An interesting programme on Channel 4 on Sunday night – “The Last Slave”, in which Black Londoner David Monteith went to Nigeria in search of his slave roots, being one of the shockingly few Jamaican-Britons who can trace their family trees back as far as the Middle Passage. In terms of content it contained nothing which couldn’t be gleaned from watching or reading Alex Haley’s “Roots”, apart from the revelation that young people who were deemed to be troublesome, or an economic drain, were routinely sold as slaves by their families, generally to other families who were then free to sell them to British slavers – a disturbing prefiguration of the inadequate parenting which appears to be fuelling contemporary Black urban criminality. The style was irritating – it was full of those faked-up quick-zoom reaction shots beloved of the idiots who put together those “reality” shows starring Paris Hilton; as if the audience is too stupid or insensitive to realise that a man chatting with the perfectly charming descendant of the people who once owned his great-great grandfather, or being shown the instruments of torture with which errant slaves were disciplined might feel a tad disoriented. Depressing and fascinating in equal measure – an important reminder of the need to know your history whilst not being enslaved by it.

Another excellent night at the Cardiff Barfly last week. Headlining were electro-pop duo – with guitar – I Was A Cub Scout, who provided refreshingly raucous and tuneful entertainment. In support were local punk-poppers Working Class Heroes, notable for a charismatic female singer in tight trousers; and Gethin Pearson and the Scenery, who might be categorised as folk-pop, given the presence of a violinist, and steel-guitar player. Tidy.

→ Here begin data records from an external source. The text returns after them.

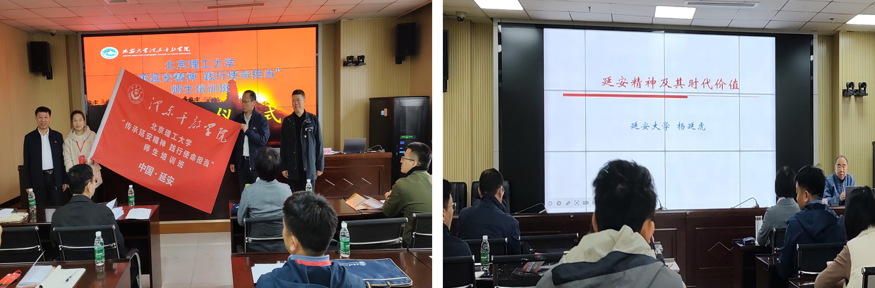 “延安,是中国革命的出发点,孕育出了伟大的延安精神。延安精神是我们党的宝贵精神财富,具备浓厚的时代特征和永恒的精神魅力,在新时代,更要传承与发扬延安精神。”开班仪式上,延安大学泽东干部学院院长杜红荣介绍了延安大学和泽东干部学院的历史和基本情况,希望参训学员能够在这次学习中感悟延安精神。延安大学杨延虎教授作了《延安精神及其时代价值》专题报告,深入浅出、实事求是地介绍了延安精神的内涵。报告让学员们系统、全面地学习了延安精神的精髓,共同感悟了党在峥嵘岁月里孕育的光辉成就。yl88858永利中国机关党委书记李汉军到会并做开班动员,他以传承“延安根、军工魂、领军人”为目标,向学员们提出了期盼,希望大家在这次培训中学习党发展的光辉历史,感受延安的历史文化,传承伟大的延安精神,深刻领悟北理工精神和文化;珍惜此次宝贵的培训机会,将所学所悟理解转化,应用到自己的学习工作当中,为学校“双一流”建设做出新的更大贡献。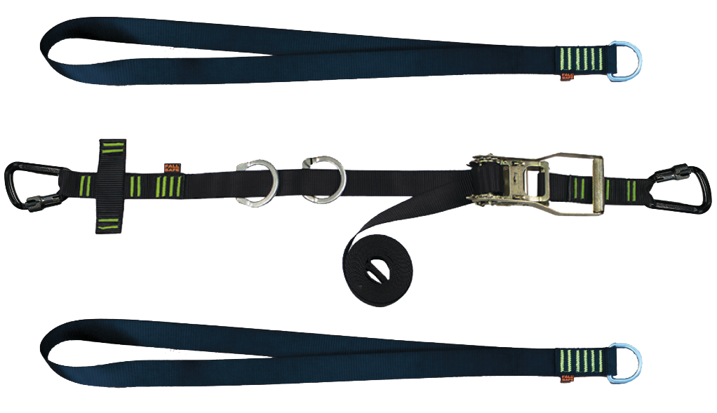 FALL SAFE® FS804 – SAFE WALK PORTABLE LIFELINE SYSTEM is a portable horizontal lifeline system, on 100% polyester tape with a breaking load of 3700 daN, for use by up to 2 people. It protects lateral movements and allows the user to adjust the desired length to a maximum of 5, 10, or 20 m depending on the size of the product, with an easy-to-use band tensioner. Includes an FS8001 bag for safe, easy-to-carry storage, two anchors strop FS801 and 2 steel D-ring for user connecting.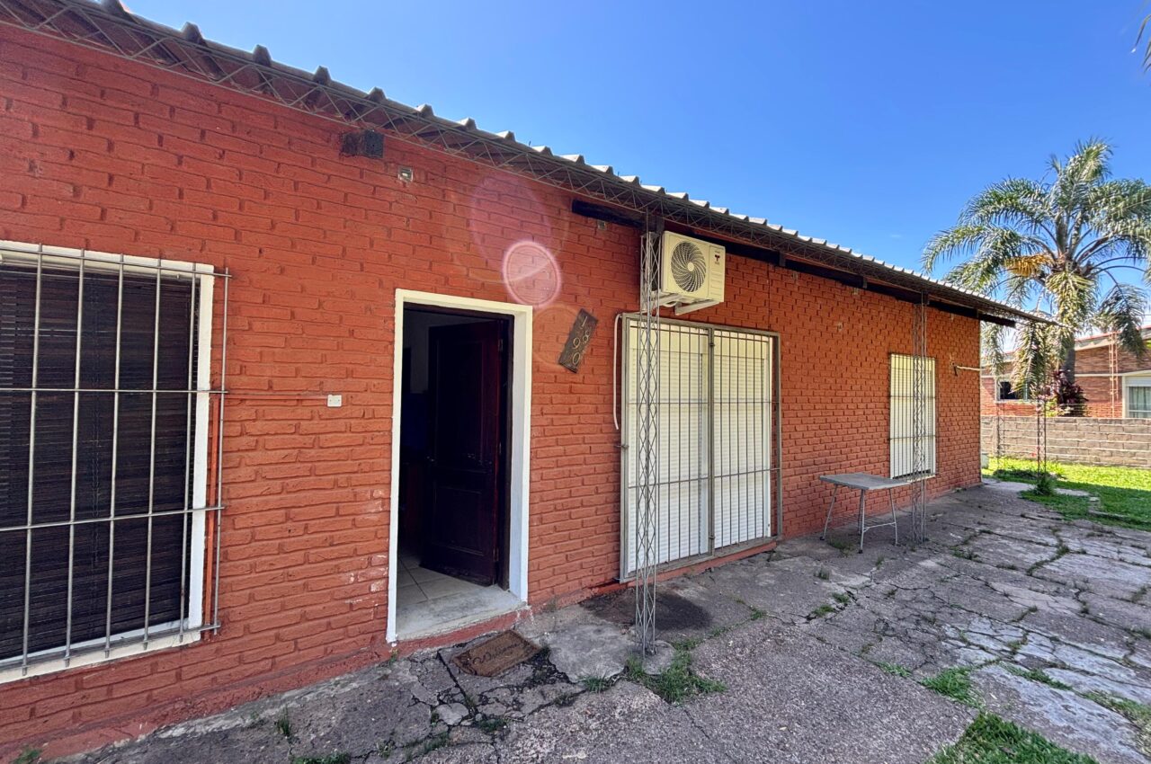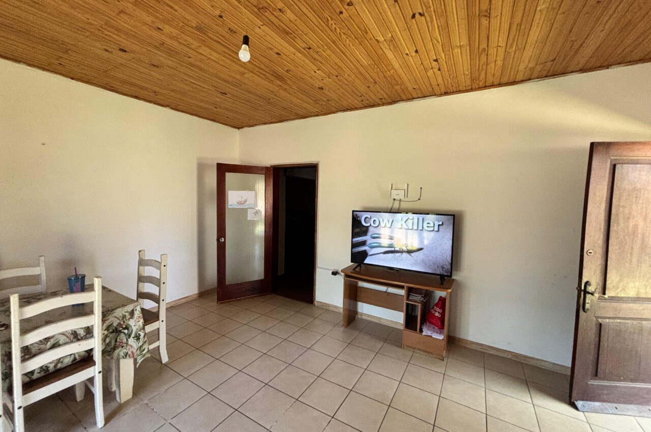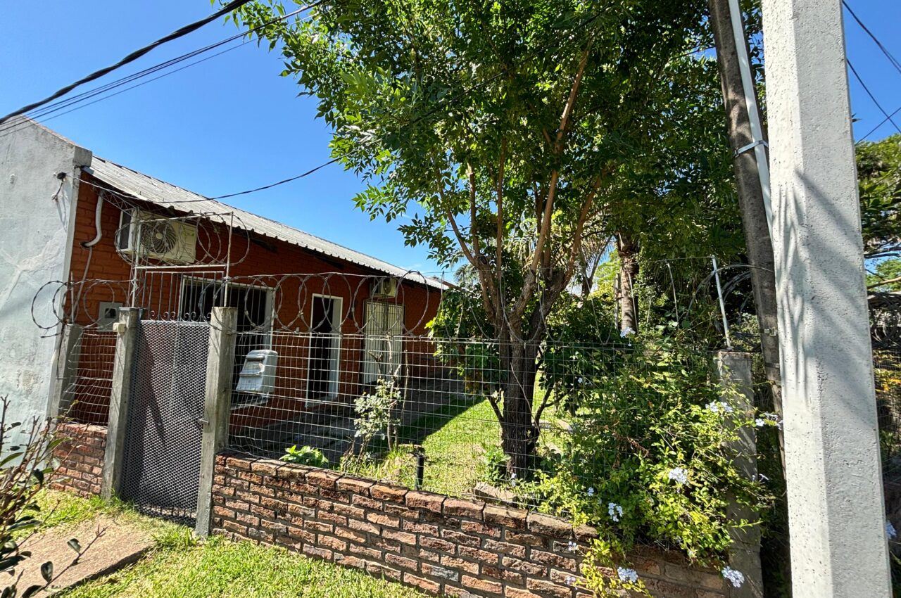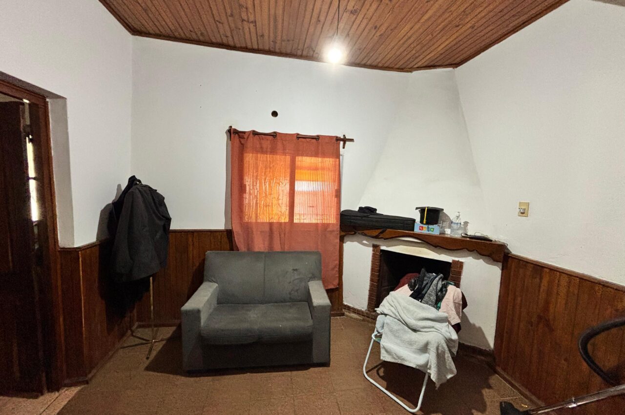 Casa de 3 dormitorios, living, estar con estufa a leña, cocina, baño y patio.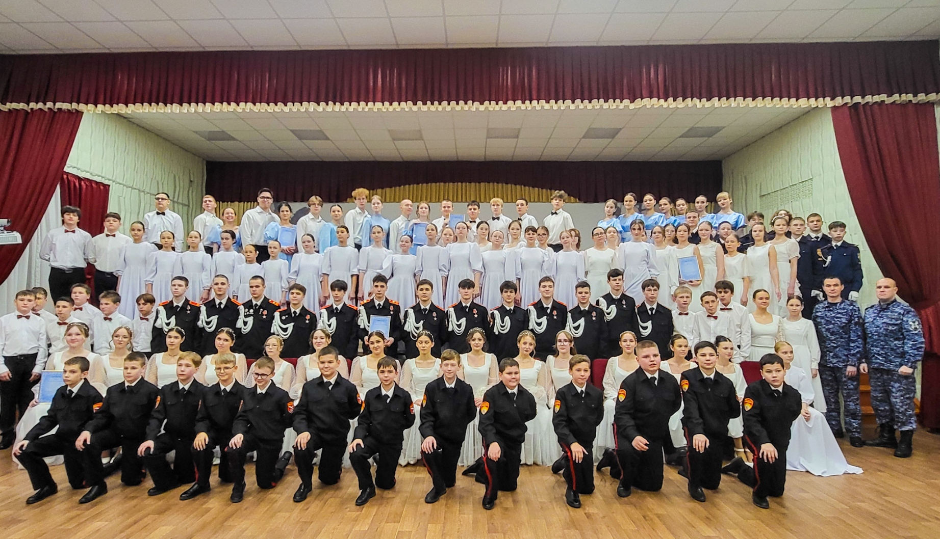 Зал замер в восхищении, когда пары в торжественном ритме открыли бал. Девушки в роскошных платьях и кадеты в строгих костюмах создали неповторимую, праздничную картину. В программе были как классические, так и игровые танцы: оживлённая «полька знакомств», задорная и сложная «кадриль», требующая слаженности всего коллектива, и, безусловно, кульминация вечера – величественный и проникновенный кадетский вальс.

I’ve finished and submitted the first draft of my screenplay. This is probably the best stage – feeling very happy about a piece of work, before people whose idea it wasn’t in the first place start telling me to change it (more sex, less violence, give us a better defined character arc, dumb down the dialogue, make it so we can film the whole thing in Budapest, up the ante in the second act, create a role for a young George Clooney type, less sex, more violence, make it more like the first draft) and it eventually transpires that it’s never going to be produced anyway. Still, at least, since I haven’t been paid, I don’t need to worry about being rocketed into a stratospheric tax-bracket.